Juiz de carreira de estilo reservado, membro de uma família de
magistrados, o paulistano Barros
Monteiro sucederá ao maranhense Edson Vidigal, de "marcante e
multifária personalidade", como
ele definiu as várias facetas do
atual presidente, ao saudá-lo em
sua posse, há dois anos.
Vidigal, um ex-repórter policial,
ex-vereador, ex-deputado e ex-advogado, alimenta pretensões
político-partidárias e foi uma presença constante na mídia. Barros
Monteiro promete o oposto: uma
gestão mais voltada para os problemas internos do tribunal.
Eleito pelo critério de antigüidade, o futuro presidente do STJ era
um opositor do Conselho Nacional de Justiça, por entender que
membros estranhos ao Judiciário
poderiam "comprometer a independência dos magistrados".

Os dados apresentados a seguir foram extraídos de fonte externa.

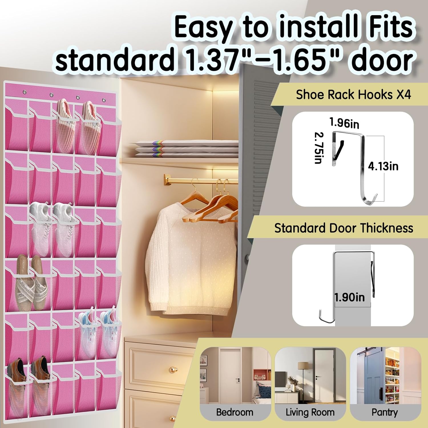 - 🥾【USE IN MULTIPLE SCENARIOS ACCORDING TO YOUR LOCATION】: This hanging shoe bag can be used not only in these places kitchen, baby room, bathroom, closet, foyer, bedroom, but also in pantry door, hall closet door, locker door, bi-fold door in your home, campsite, cruise ship, college dorms, classroom, traveling. Shoe rack includes 4 non-slip durable hooks, adjustable to fit doors 1.35"-1.95" thick, fits most doors perfectly.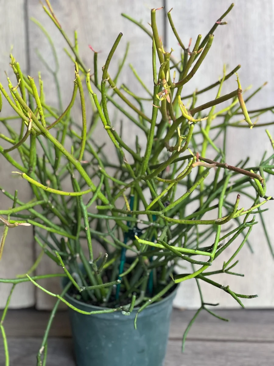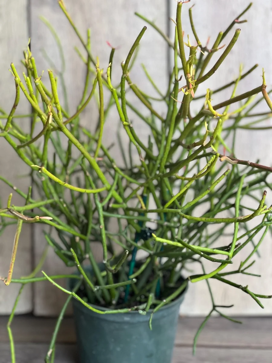 Q: What is the milky sap that comes from the plant? A: The milky white sap is latex, which is characteristic of Euphorbia plants. It can be a skin and eye irritant, so it’s advisable to wear gloves when handling the plant, especially during pruning.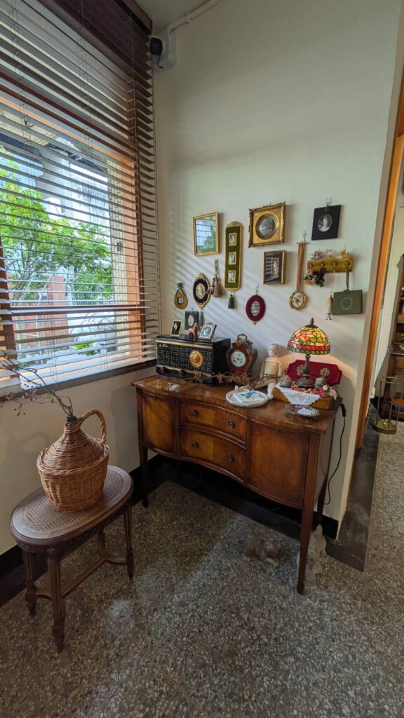 百歲堂內部裝潢有古董的櫃子及古董,靜靜地訴說歲月的美好。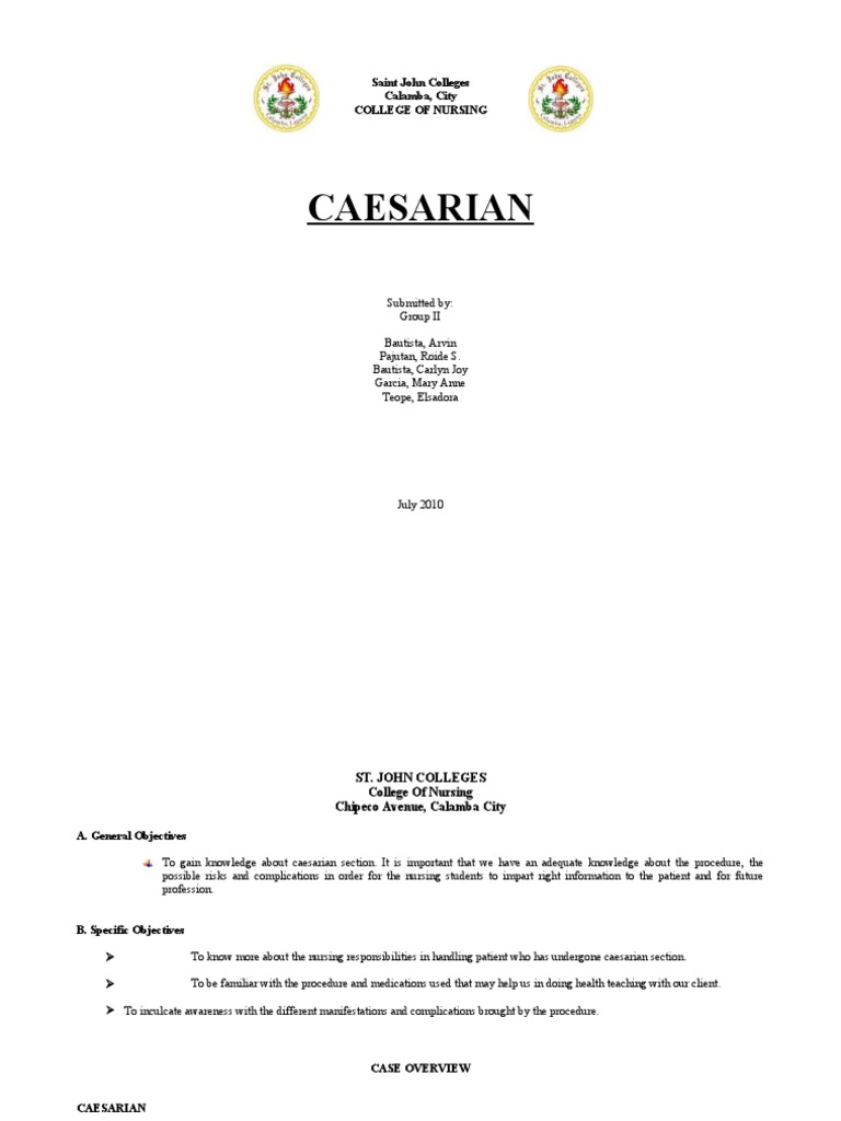 Caesarian: Saint John Colleges Calamba, City College of Nursing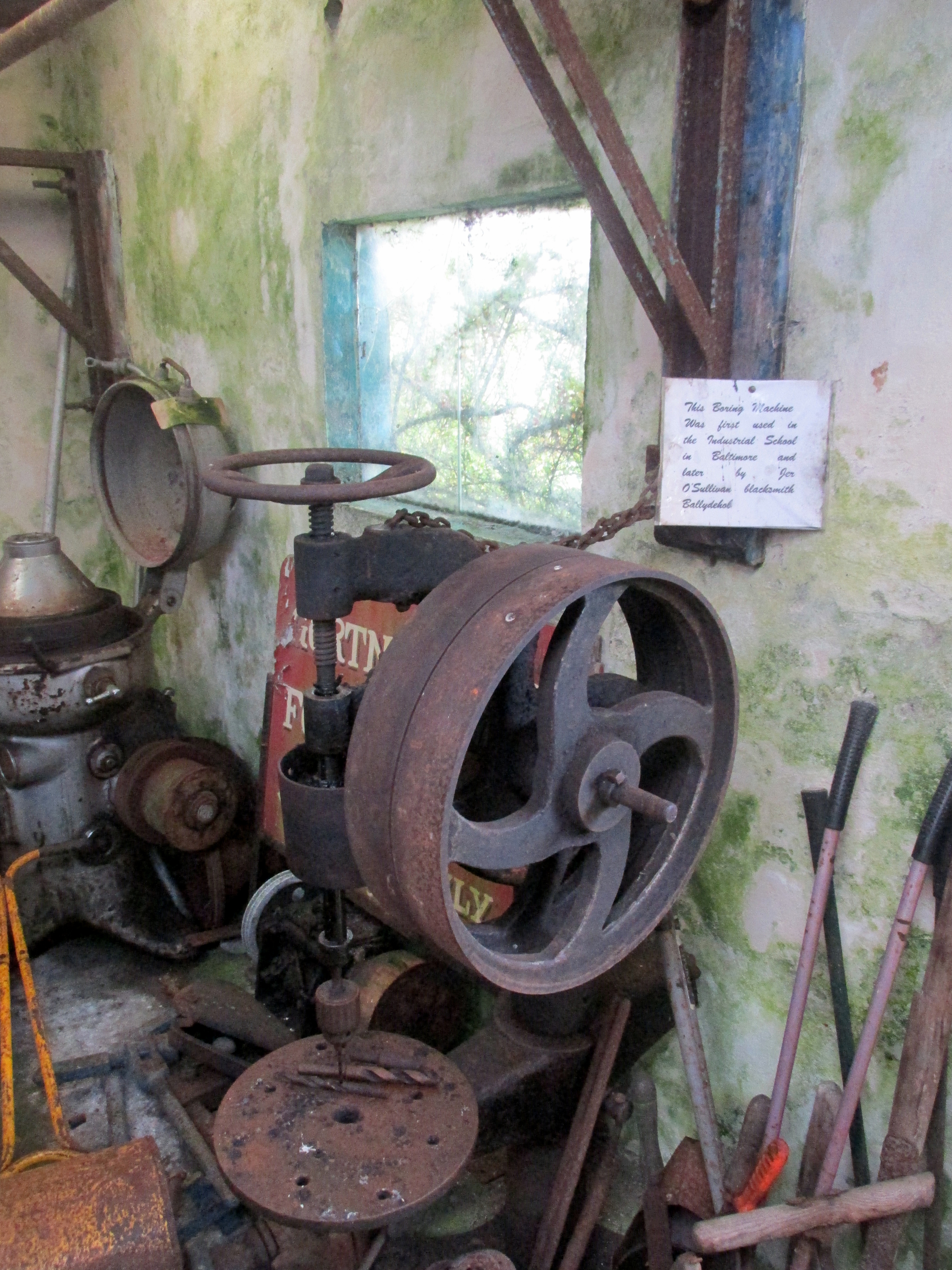 Boring machine from Baltimore Industrial School. When the school closed in 1950 it was later used by Jer O’Sullivan Blacksmith, Ballydebob, and foundlings in late 18th and 19th century West Cork.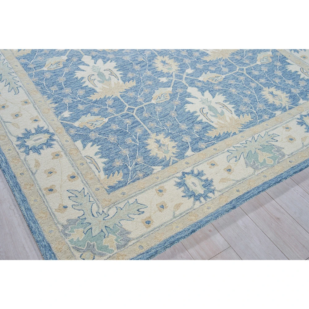 Camden Updated Traditional Blue Wool Oushak Patterned Rug - 5'x8'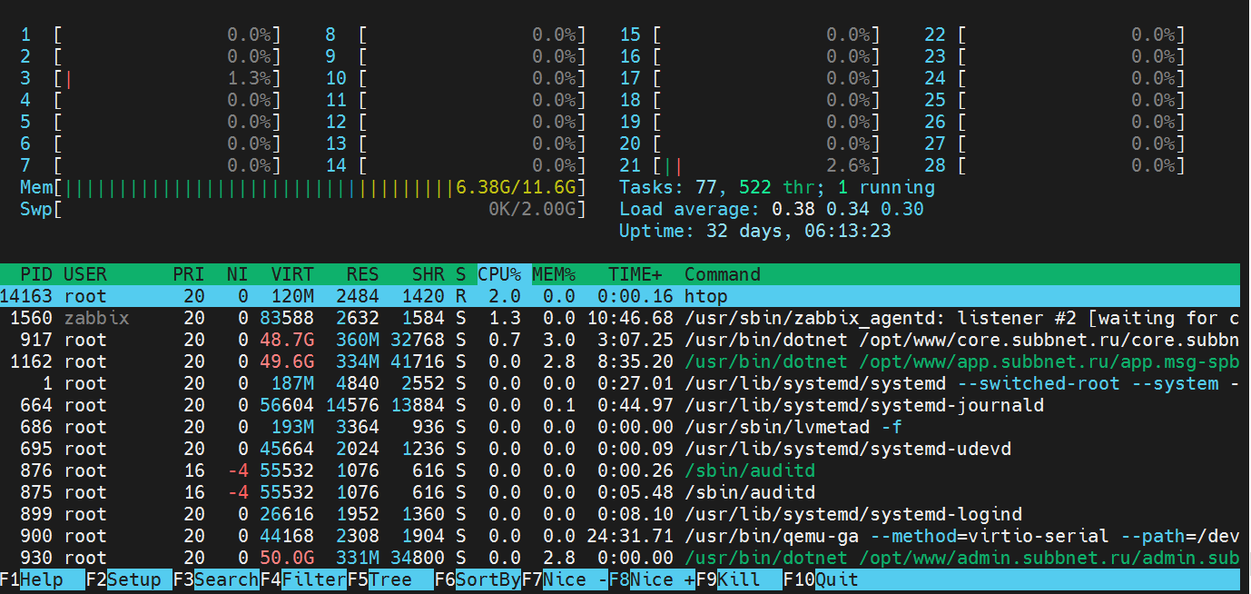 htop - удобный диспетчер задач в реальном времени с нагрузкой, подсветкой, сортировкой, фильтрацией, завершением процессов

Hoje, Barros Monteiro diz que
vê com naturalidade a ação do
conselho, legitimado por decisão
do Supremo Tribunal Federal,
critica o nepotismo e aguarda medidas que possam reduzir a morosidade da Justiça. Leia a seguir a
entrevista concedida à Folha.
Folha - Juiz de carreira, vindo de
uma família de juristas, tido como
uma pessoa retraída, o senhor sucederá a um presidente que aparece muito na mídia. Isso afetará a
imagem do STJ?
Raphael de Barros Monteiro Filho
- Naturalmente, muda o perfil.
Por temperamento muito próprio, aliás, característico de juiz de
carreira, sou reservado nos meus
pronunciamentos. Nos 17 anos de
STJ, trabalhei só em processos.
Folha - Juízes progressistas e conservadores entendem que vai haver um recuo do STJ no noticiário
político. É possível prever isso?
Barros Monteiro - É possível que
isso ocorra. Eu penso que o presidente do STJ deve preocupar-se
mais com os problemas internos
do tribunal, sem descuidar, evidentemente, de representar o tribunal, de defender as prerrogativas da corte e de seus ministros.
Mas a preocupação maior será
com a administração. Chegam ao
STJ 1.100 processos por dia.
Folha- O sr. tem experiência administrativa?
Barros Monteiro - A única atividade mais ou menos administrativa foi quando exerci a corregedoria da Justiça Eleitoral.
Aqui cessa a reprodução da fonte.